Mature males are present in different periods of the year: on Ko Phuket in September and October (two were collected mature in late September, one matured in early October), on Ko Tarutao in March and April (maturation in captivity) and on Ko Siray in late May (collected mature).

Females from Ko Phuket moulted twice per year, in April/ May and again in October; a female from Ko Siray in mid- December; females from Ko Tarutao in January, April, June and October; a female from Pulau Langkawi in mid-April (observations in captivity).

In late September 1997 four females with egg sacs and one with newly hatched spiderlings were collected on Ko Phuket. Egg sacs were lenticular, about 8 mm long and 6 mm wide, attached along their narrow side (for ca. 3 mm) to the ceiling of the maternal nest ( Fig. 15 View Figs ). One egg sac contained 40 first instar juveniles (white, immobile) with the cast egg membranes between their legs; in another egg sac 21 first instar juveniles and an unfertilised egg (1.4 mm in diameter) were found. The remaining two egg sacs were devoured by the females during transport from the forest. In late May 2003 two females were seen with well-developed (at least third instar), very active juveniles (in one case 18 spiderlings counted) in their nests on Ko Siray.

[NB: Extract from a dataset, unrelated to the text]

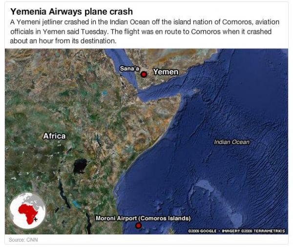 Yemenia Flight 626 left Sanaa at 9:30 p.m. for what was expected to be a 4½-hour flight. The airline has three regular flights per week to Moroni, off the east coast of Africa about 2,900 kilometers (1,800 miles) south of Yemen.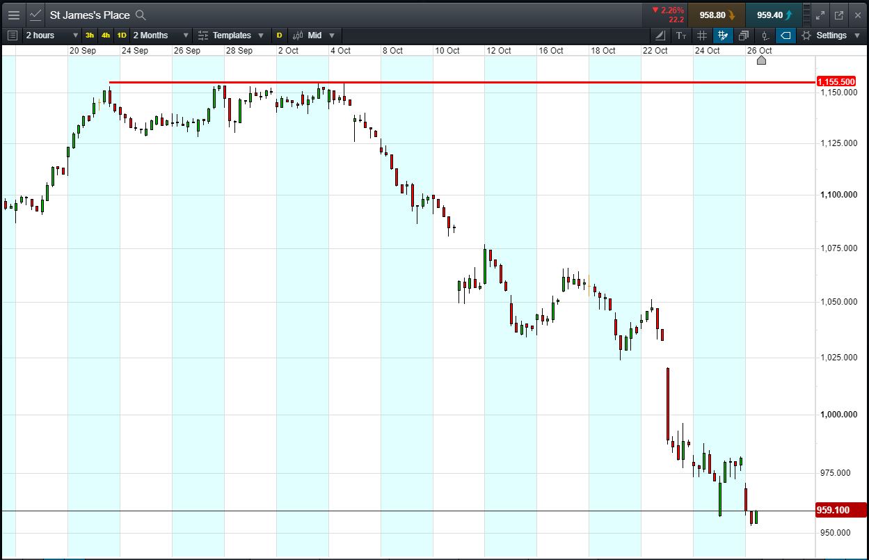 Let’s say the trend appeals to you, you think it’s likely to continue. You decide to sell exposure to £10,000 worth of St James’s Place using a CFD, at the current price of 959p. To do this, you need £2,000.

The presence of mature males at different times of the year suggests two mating periods [as also observed for the diplurid spider Phyxioschema suthepium Raven & Schwendinger in northern Thailand (Raven & Schwendinger, 1989: 59)]: 1) March to May and 2) September to October. Spiderlings observed in late May presumably resulted from matings in the first period, egg sacs and spiderlings collected in late September from those in the second period. It remains possible, however, that there is no limited reproductive period and that mating and egg laying actually take place all the year round.